**** DATA

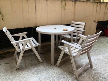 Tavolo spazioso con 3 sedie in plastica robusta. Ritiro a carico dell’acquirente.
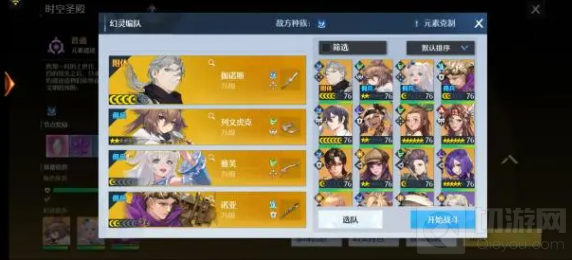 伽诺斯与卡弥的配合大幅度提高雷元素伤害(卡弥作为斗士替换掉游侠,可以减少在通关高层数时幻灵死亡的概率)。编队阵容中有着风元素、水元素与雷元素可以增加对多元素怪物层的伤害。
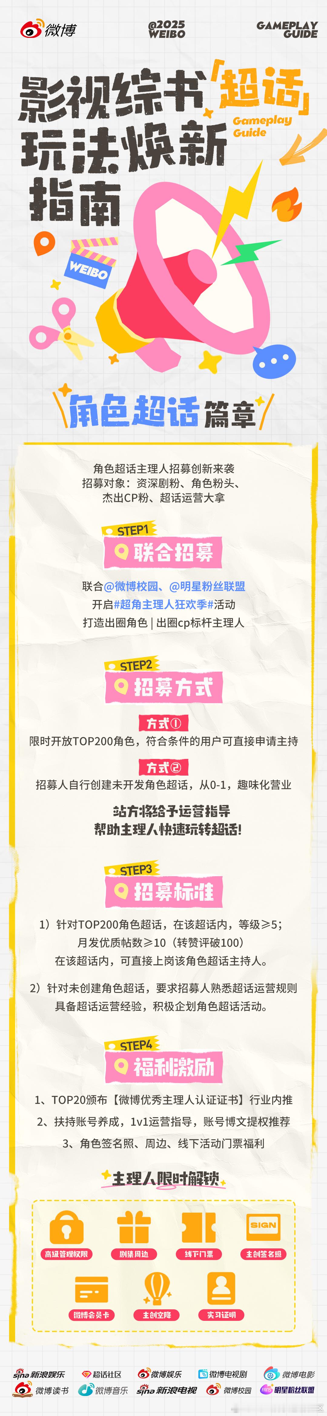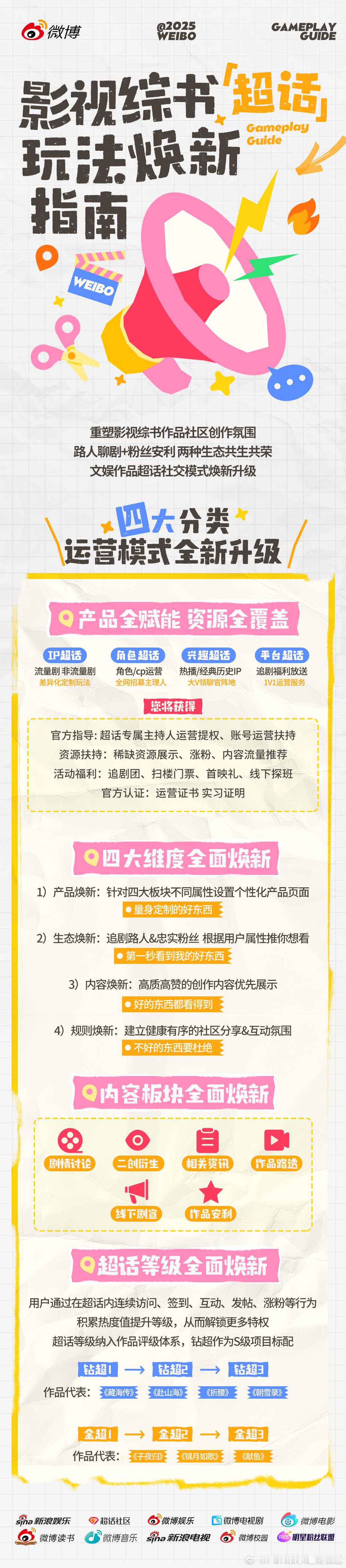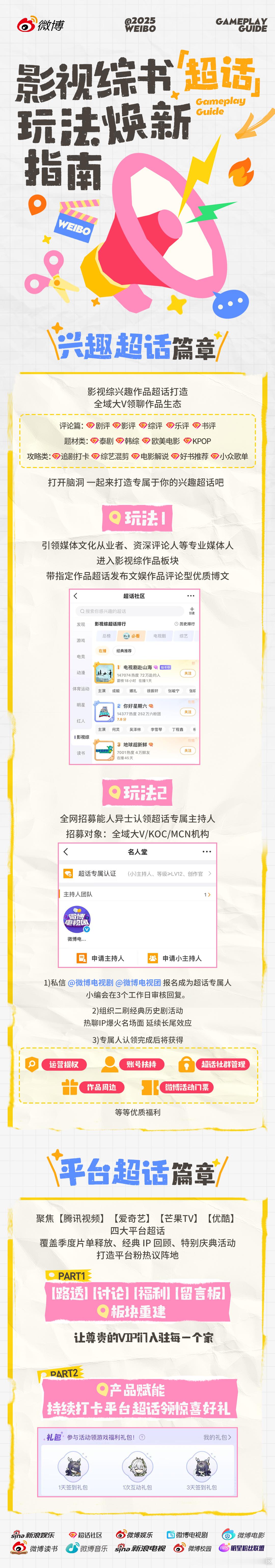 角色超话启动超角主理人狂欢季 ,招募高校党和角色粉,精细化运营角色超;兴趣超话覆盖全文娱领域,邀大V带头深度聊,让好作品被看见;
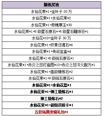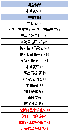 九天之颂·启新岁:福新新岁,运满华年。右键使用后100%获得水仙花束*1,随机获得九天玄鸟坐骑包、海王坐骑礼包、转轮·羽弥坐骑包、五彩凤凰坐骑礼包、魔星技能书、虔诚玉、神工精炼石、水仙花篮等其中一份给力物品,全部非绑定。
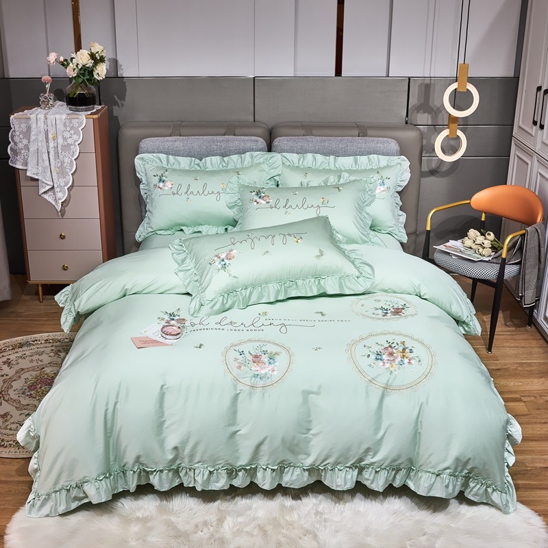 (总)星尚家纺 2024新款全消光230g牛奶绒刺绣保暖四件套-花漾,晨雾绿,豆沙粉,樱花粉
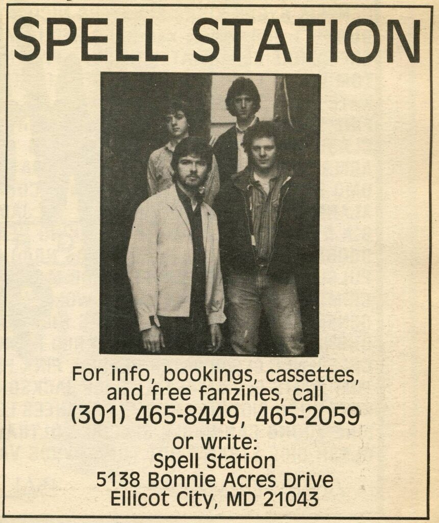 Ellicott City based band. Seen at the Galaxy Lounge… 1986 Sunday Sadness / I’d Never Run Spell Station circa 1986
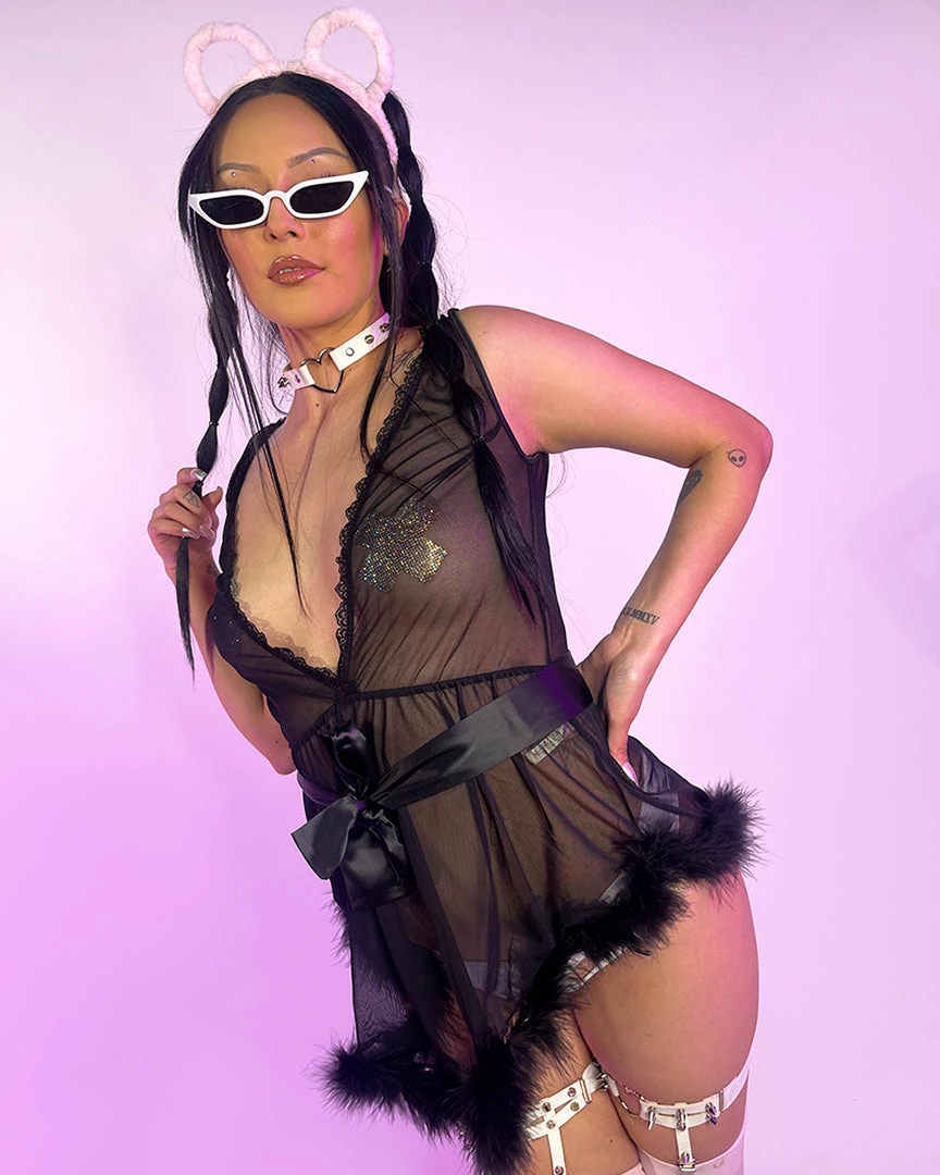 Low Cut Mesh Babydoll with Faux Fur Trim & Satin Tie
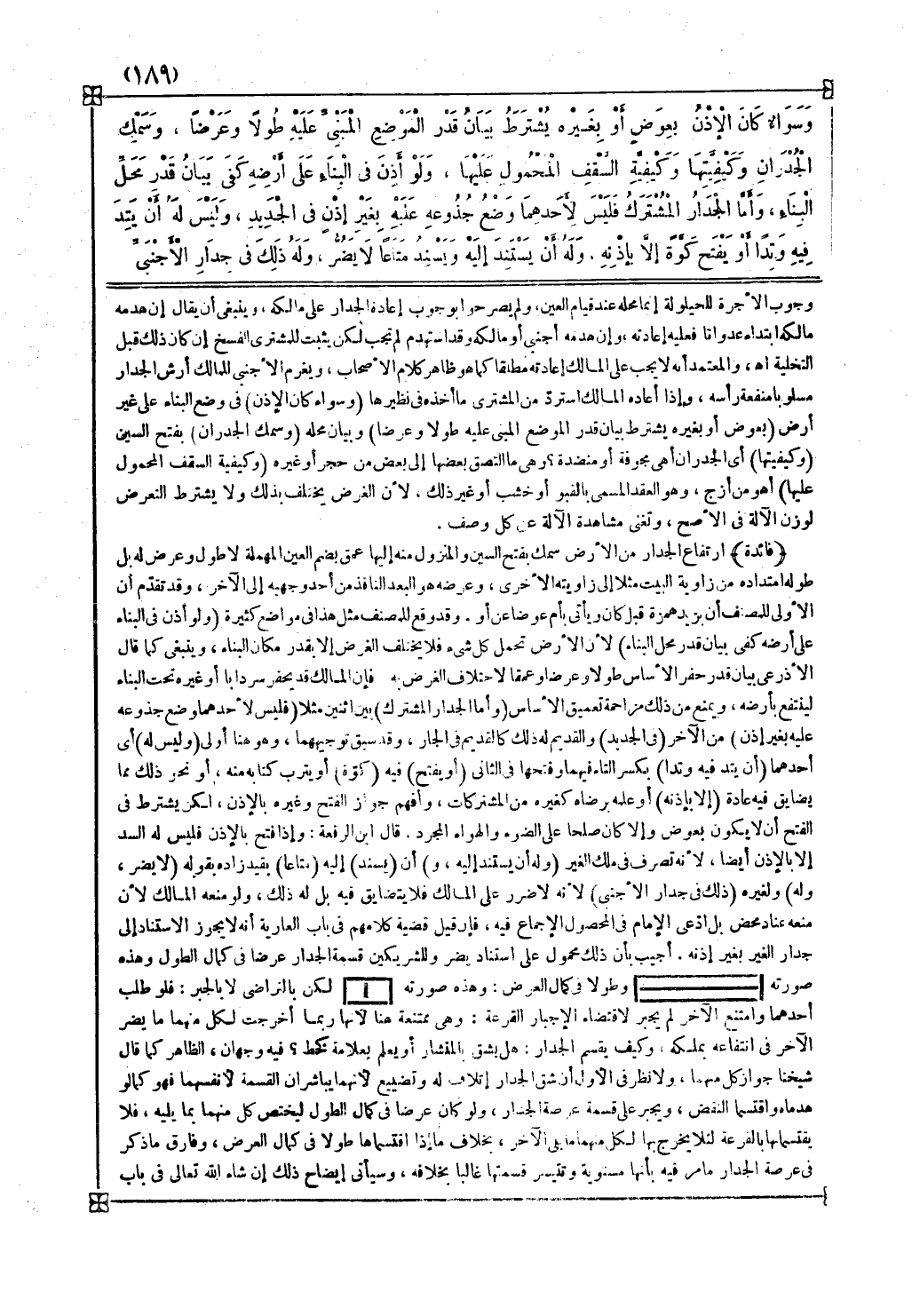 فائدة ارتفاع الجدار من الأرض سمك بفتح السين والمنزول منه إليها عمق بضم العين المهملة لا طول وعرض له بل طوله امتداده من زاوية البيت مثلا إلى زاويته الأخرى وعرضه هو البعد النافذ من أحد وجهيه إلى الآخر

********

> PROMPT
Would you output only the span of the records above that opens with the line containing "角色超话启动超角主理人狂欢季" and closes with the line containing "(总)星尚家纺 2024新款", ends included and pictures dropped?

> YOUR SOLUTION
 角色超话启动超角主理人狂欢季 ,招募高校党和角色粉,精细化运营角色超;兴趣超话覆盖全文娱领域,邀大V带头深度聊,让好作品被看见;
 九天之颂·启新岁:福新新岁,运满华年。右键使用后100%获得水仙花束*1,随机获得九天玄鸟坐骑包、海王坐骑礼包、转轮·羽弥坐骑包、五彩凤凰坐骑礼包、魔星技能书、虔诚玉、神工精炼石、水仙花篮等其中一份给力物品,全部非绑定。
 (总)星尚家纺 2024新款全消光230g牛奶绒刺绣保暖四件套-花漾,晨雾绿,豆沙粉,樱花粉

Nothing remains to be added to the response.